A dog's life: Readers are moved by the plight of pit bulls

 FEATURE, SEPTEMBER 2, 2010
DEPUTY DOGS
A conflicted mind: I have a confession: I don't normally read the Riverfront Times. However, the cover story for the dogfighting investigation, and to as great a degree the cover art, caught my eye ["Dog Beat Dog," Keegan Hamilton]. This story was very close to a very soft spot in my heart. My wife is a dog trainer, and for the last ten years she also actively works with dog rescue operations.

She is hands-on, very much so. Our house has always been a temporary home for one or two fosters. Starting in Maryland, a mere 30 miles outside Washington, D.C., we started seeing a growing number of pit bulls being dumped, abandoned and otherwise left for dead. It is not so different now in Jefferson County.

I can attest to the positive attributes of the dog breed: loyal, loving and affectionate. We currently have a small pit staying with us that I would call my own if I got to make the rules about such things.

About your story. I was really, really impressed. Conflicted, but impressed. The idea of using dogs to fight in order to infiltrate and break up a fighting ring is very tough to warm up to. It is, though on a lesser scale, like sending a son off to war. You know that a greater good requires significant sacrifice, but that sacrifice bleeds real blood.

And this is what I liked about your story: It was as objective and candid a piece as I have ever read on this subject. Even your statements about how some of the owners did not at all see the harm in fighting dogs rings true. Uncomfortable, but true.

I congratulate you on a magnificent piece of journalism. The detail, the objectivity and the uncomfortable balancing of cultural perspectives awakened some synapses, caused discomfort and made me think. I'm still thinking, and I assume many others are as well.

Reading your story was a little like watching Whale Wars on Animal Planet. I'm not sure if I am on either side completely. Is breaking the law to end violence and promote justice somehow justified? If so, to what level? As I said, I remain conflicted, and that's a good thing. A conflicted mind is an open mind.

Thank you again for a spectacular piece of journalism. Tell your bosses that because of this one story, you have just increased regular readership. They'll probably give you a raise.
Dennis C. Bentley, Hillsboro, via the Internet

Thanks and praise: Pit bulls are my life. I live and breathe the breed. I am here on this earth to fight for them. This case is amazing. I don't think that anyone can even imagine what selflessness was put into this investigation. I am a former resident of Cape Girardeau and am proud to know that that is where Mr. Mills is from as well. Thank you so much, Mr. Mills, Mr.

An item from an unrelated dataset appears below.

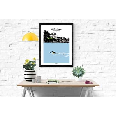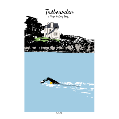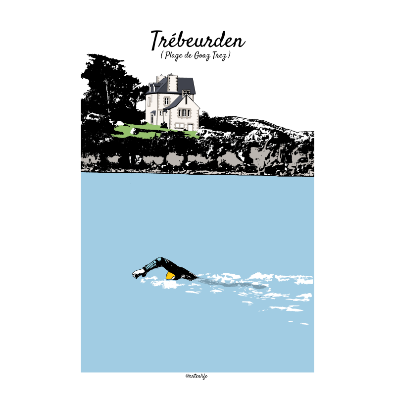 Cette affiche de la Plage de Goaz Trez à Trébeurden met en scène un nageur en crawl, s’entraînant en combinaison de nage et bonnet jaune, glissant dans la mer bleue animée de vaguelettes blanches.

Heath, the Humane Society of Missouri, the ASPCA, Missouri State Highway Patrol and everyone else who took one of the largest steps in history to put a dent in this sick industry. This industry, just like any other industry of crime, probably will never end, but we have to keep chipping away at it and being relentless. We need to keep the message going that this isn't OK and it never will be.
Lauren Lyons, via the Internet

DAILY RFT, AUGUST 27, 2010
CARDINAL SINS
The experiment may be doomed: It is sad that you feel compelled to make snide and inaccurate remarks ["Pujols, La Russa to Attend Glenn Beck's 'Restoring Honor' Rally," Chad Garrison]. Your cynical attitude is shameful. The founders of this country made it abundantly clear that without a moral and religious God-respecting population, the American republic experiment could not succeed. Your cynicism cannot offer anything of value.
Ron, via the Internet

ERRATUM
In Keegan Hamilton's September 2 feature story about dogfighting, "Dog Beat Dog," we erroneously stated that Judge Michael Reagan is a judge in Southern Illinois circuit court. In fact, he's a U.S. district court judge.